You can monitor the Minio service deployment via the Topology view under Developer console in the OpenShift web interface, once done you should have something similar to the following environment.
Once ready, you can then login to the Minio web interface by clicking the arrow near the minio deployment circular icon, this will open in a new tab/window the Minio's login page, you will find the auto-generated credentials in the Secret object named minio-root-user.
The YAML file we just executed against our OpenShift cluster has also setup for us also some configuration directly into the OpenShift AI platform. If we go back to the OpenShift AI page, in our Data Science Project we can check that we can now find two Data Connections available:
- My Storage: the S3 bucket storage for saving the models generated via Workbench
- Pipeline Artifacts: the S3 bucket storage for saving the models generated via Pipelines
You should see something similar in your Data Connections tab, as shown in the following picture.

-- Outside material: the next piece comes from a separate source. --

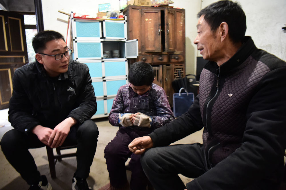 “雪下得紧,你们别出门了,缺什么告诉我。”1990年出生的陈世贤熟门熟路,朝着正在院里喂羊的老田招呼道。听到陈世贤的声音,田扬科9岁的小孙子撒着欢从房里跑出来,非要拉着他一起打雪仗。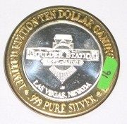 SILVER STRIKE .999 FINE SILVER $10 CASINO GAMING COIN *BOULDER STATION* COIN WEIGHS 1.34ozs TOTAL WEIGHT AND COIN HAS .60oz OF SILVER!! SILVER COIN CAME OUT OF SAFE BOX!! ***Coin, Currency & All Items Listed in this auction - Grades, Conditions and Values are not Safe Deposit Coins LLC Responsibilty. Grades, Condition and Values are determined by Consigner(s) & Buyers ONLY

This S3 storage configuration helps us saving a lot of time and speeding up our experiments, automating the infrastructure configuration.
Dealing with the Developer Sandbox resource limits
After setting up the storage, you can follow Chapter 3 of the tutorial, to create a workbench, an environment instance to start the development of new Data Science experiments. Following the tutorial you will be guided in cloning the Data Science repository to train an AI/ML Model and then uploading it on a S3 storage.
An important setting to tune is the Persistent Storage for the Workbench you will create. You should downsize it to 10 GB, instead of 20 GB, because the Data Science Pipeline server requires a MariaDB database that will be bound automatically to a 10 GB Persistent Volume. On the Workbench creation wizard, it will be enough to set to 10 GB the persistent storage as shown in the following image.
On Chapter 4, you will learn how to create you first Multi-model server to offer your just trained model as a service and you can follow the chapter with no additional tuning.
You can always monitor your infrastructure under the hood looking at the OpenShift Console, you should see something similar to the following image, with three running pods:
- Minio: the S3 storage solution
- Model server: actually serving our AI/ML model
- Workbench: the Data Science environment we used for development
After that if you want to experiment with the Data Science Pipelines, we need to scale down to zero the Model Server to save some resource that we need to use for the Pipeline server, as shown in the following image.
After that you can then follow section 2.4 of the tutorial for configuring the Data Science Pipelines. Finally you can then follow Chapter 5 for implementing these pipelines.
Please note: you may need to recreate the Workbench environment (after deleting it) to ensure that the Data Science Pipelines Endpoints are correctly configured in the Workbench. Your data and existing work will be preserved, you will need only to re-use the same Persistent Volume that you were using before, selecting it in the Workbench creation wizard. Don't worry, it will not be deleted once you hit the delete button on your existing Workbench.
Conclusion
The Red Hat Developer Sandbox and OpenShift AI present an incredible opportunity to explore the cutting edge of artificial intelligence, without any financial commitment. It shows the Red Hat's commitment to open source and fostering a community of innovators. So, take the plunge and see what you can create!
But this is just the beginning... stay tuned for an upcoming demo on which I am working with the exciting world of Large Language Models (LLMs) and Retrieval Augmented Generation (RAG) on OpenShift AI. I'll show you how to build powerful applications that combine the strengths of both, opening up new possibilities for your AI projects. Get ready to be inspired!